The Czech Republic has long had one of the worst road safety records in Europe, and horrific pile-ups have become a daily feature on the evening news. But finally, it seems, there's been some improvement - last year saw a substantial fall in the number of deaths. So what's behind it, and will it last?
At last some good news from the Czech police - the number of road deaths fell sharply in 2004, the first such fall in several years. The Interior Ministry said 1,215 people died on Czech roads last year - around 100 less than in 2003. Robert Stastny, from the Transport Ministry's Road Safety Department:
"You know that in April last year, the government passed a national strategy, and the Ministry of Transport with the Traffic Police started to do more for road safety. We see some results, and we should say thanks to the media, because the media really highlighted the problem of road safety, and it's discussed in society. So I think this result is also connected to the interest of the media and journalists."
The police themselves say there is no simple explanation why the number of road deaths has fallen. Rather a combination of factors appears to have contributed to the result. Media interest certainly has been of major importance, with heavy coverage of a spate of appalling accidents over the summer for example. But there are other factors too. There are more police on the roads, and more regular crackdowns. Czechs are gradually buying newer - and safer cars. The high price of fuel could have played a role. And above all, planned stricter legislation - including a penalty points system - has been uppermost in people's minds.
"People are speaking about it more; discussing it in pubs, for example. And, I feel the support of society to approve a stronger law. Unfortunately we don't see it in parliament. It's a bit strange because people are willing to have a stricter law, but politicians not so much."
At the end of last year parliament rejected draft legislation submitted by the Transport Ministry which would have revolutionised the country's driving regulations.
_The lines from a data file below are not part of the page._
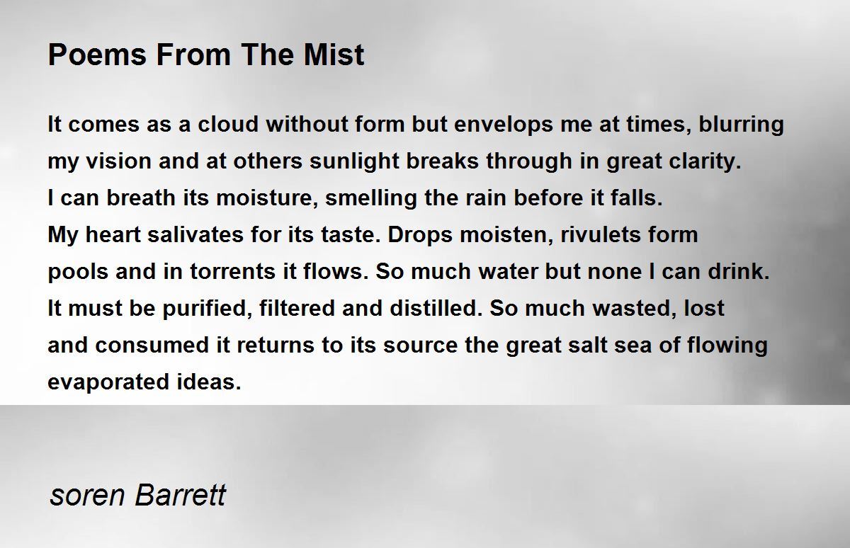 It comes as a cloud without form but envelops me at times, blurring my vision and at others sunlight breaks through in great clarity. I can breath its moisture, smelling the rain before it falls. My heart salivates for its taste. Drops moisten, rivulets form pools and in torrents it flows. So much water but none I can drink. It must be purified, filtered and distilled. So much wasted, lost and consumed it returns to its source the great salt sea of flowing evaporated ideas.
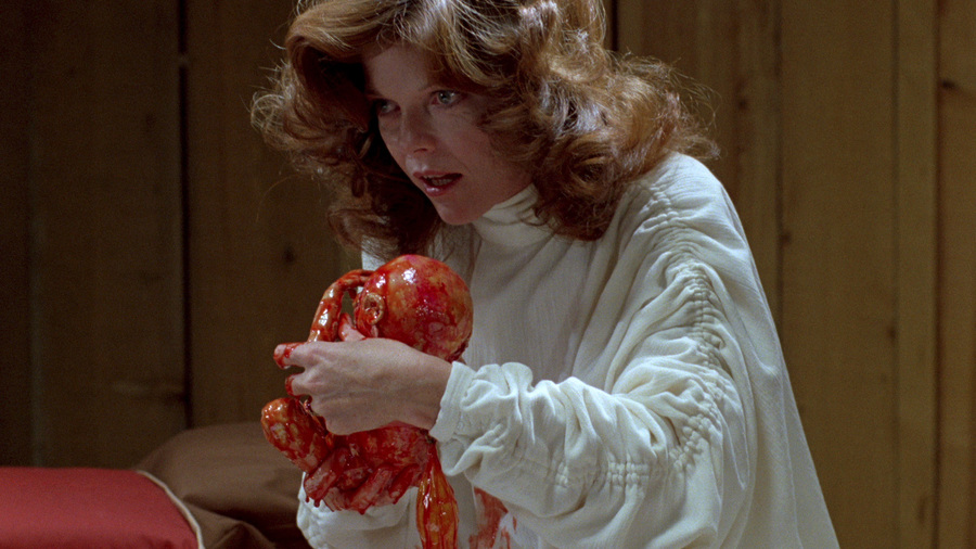 Early encounters with “the brood” are akin to evil dwarf attacks. We witness destructive mischief and malformed creatures reaching for weapons, but we don’t see the twisted little assailants.  The first encounter with these monstrous little humanoids is neither scary nor gory, and is only brutal in concept (but not so in execution).  Subsequent scenes unveil more blood along with our killers’ deformed faces.  It seems that through an unexplained treatment protocol of psychoplasmics and her resulting physiological changes, Nola has physically manifested her rage in the form of her brood.
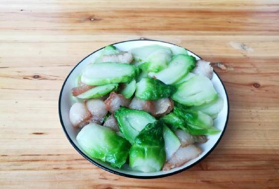 3、油锅烧热,加入适量的油,将猪肉翻炒至微黄,蔬菜翻炒至熟透,加少许盐调味。
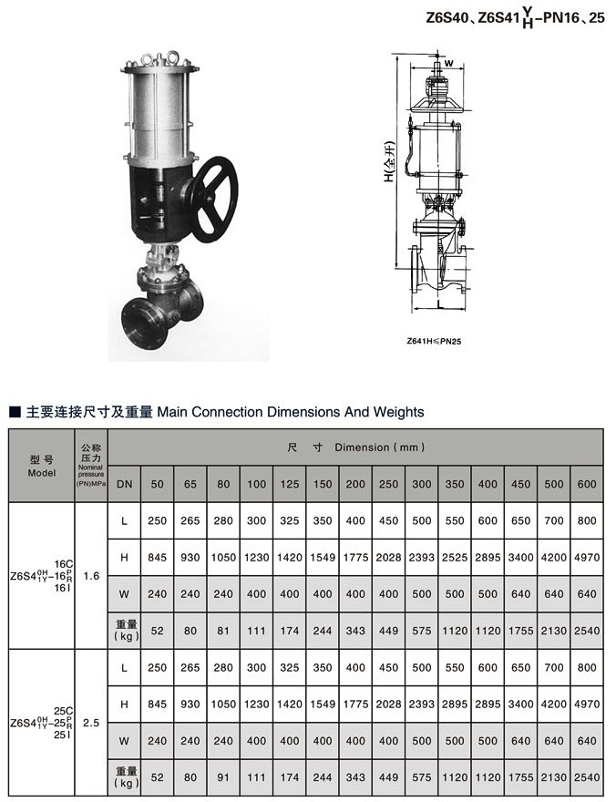 氣動閘閥/Z641H,Z641W,Z641Y氣動閘閥說明書

Under the new points system, errant drivers would automatically risk losing their licences for accumulated offences, as opposed to the current system whereby only a judge can order a licence to be confiscated, after a lengthy court process during which the driver - even if he or she has killed someone - is allowed back on the road.
Following the bill's failure a new, watered down version is now being discussed in parliament. However Robert Stastny believes this has sent a dangerous message to drivers, a message which could see a turnaround in this apparent reversal of fortunes.
"For example December was a totally bad month, and we must see how things develop. Of course something happened last year, we achieved some improvement, but we must go on, and it will be harder and harder to repeat this result."